The r2 values of the present investigation were significantly higher in the evaluations where the scale was used. This is similar to those reported by Fragoso-Benhumea et al. (2022), who obtained values of 0.90 to 0.97, with a mean of 0.93 when evaluating the severity of rust (Uromyces viciae-fabae) in the broad bean crop, with and without the use of diagrammatic scales. They concluded that this value improves with the use of diagrammatic scales. This indicates that the designed scale can be used in the field, since it has precision values (r2) close to 1 in the evaluations.
Several studies have shown a tendency to overestimate (Figueiredo et al., 2022; Pereira et al., 2021) and to a lesser extent underestimate (Braga et al., 2020) when diagrammatic scales are not used. In the present work, overestimates were observed in most of the absolute data when the diagrammatic scale was not used, in contrast to the evaluations where it was used. This behavior may be due to visual stimuli, such as similar colorations in the lesions that are not considered for the evaluation of severity, as reported by Perina et al. (2019). They identified factors that can lead to overestimation of the severity of brown spot on leaves of Citrus reticulata caused by Alternaria sp. due to the presence of different pigments on the leaf surface that do not correspond to the evaluated disease. This can affect both experienced and inexperienced evaluators.
The use of the scale allowed a considerable decrease in the absolute error of the evaluations, compared to when it was not used (without the scale it was from -59 to 39%, with the scale it was from -0.4 to 0.4% and -0.16 to 0.48% in the first and second evaluations, respectively). Similar results were obtained by Muños-Arias et al. (2020) for gray mold on Rubus glaucus, where this value decreased with use of the diagrammatic scale (from -30 to 30% without the scale to -20 to 20% with the scale). On the other hand, Ortega-Acosta et al. (2016) and Nutter Jr and Schultz (1995) mention that absolute error values less than 5% are considered acceptable. In this work, results of -0.35 to 0.5% were obtained on average for the two evaluations, which supports the accuracy of the evaluations when using the scale. Thus, the present research provides a reliable instrument for evaluating the severity induced by gray mold in pomegranate fruits.

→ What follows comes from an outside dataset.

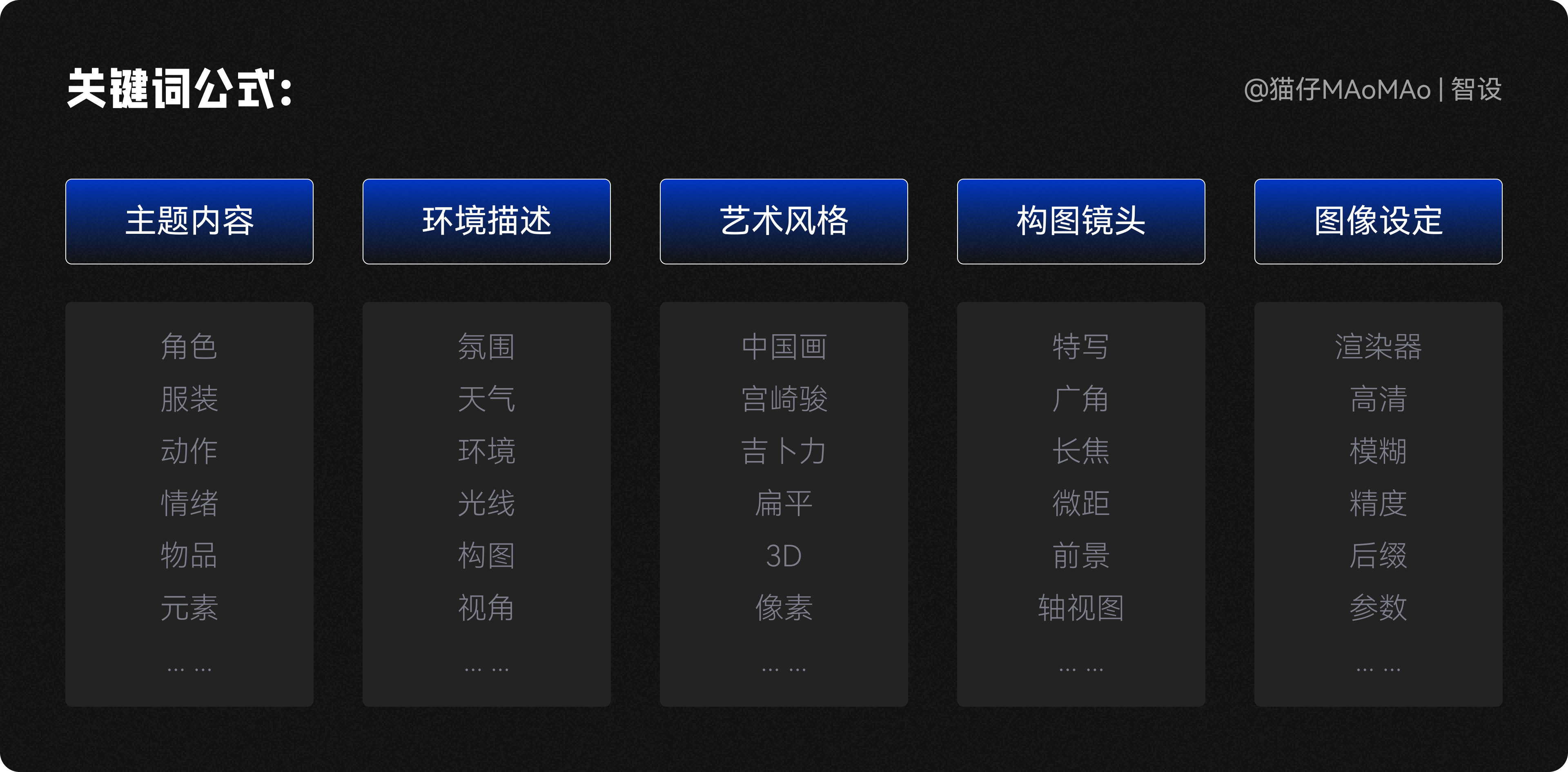 3D主視覺我們采用文生圖的方式制作,寫關(guān)鍵詞的基本公式參考下圖,具體寫關(guān)鍵詞時(shí),需要靈活進(jìn)行增減,然后不斷嘗試,直到出現(xiàn)自己滿意的效果。

When r2 values among evaluators were compared, it was evident that the designed scale exhibited precision, evident in its capacity to narrow the variation intervals within comparisons when employing the diagrammatic scale. This particular methodology enabled the accurate, precise, and reproducible estimation of gray mold severity attributed to B. cinerea on pomegranate fruits. As a result, the scale holds the potential to serve as an effective tool for disease management, monitoring, and surveillance purposes.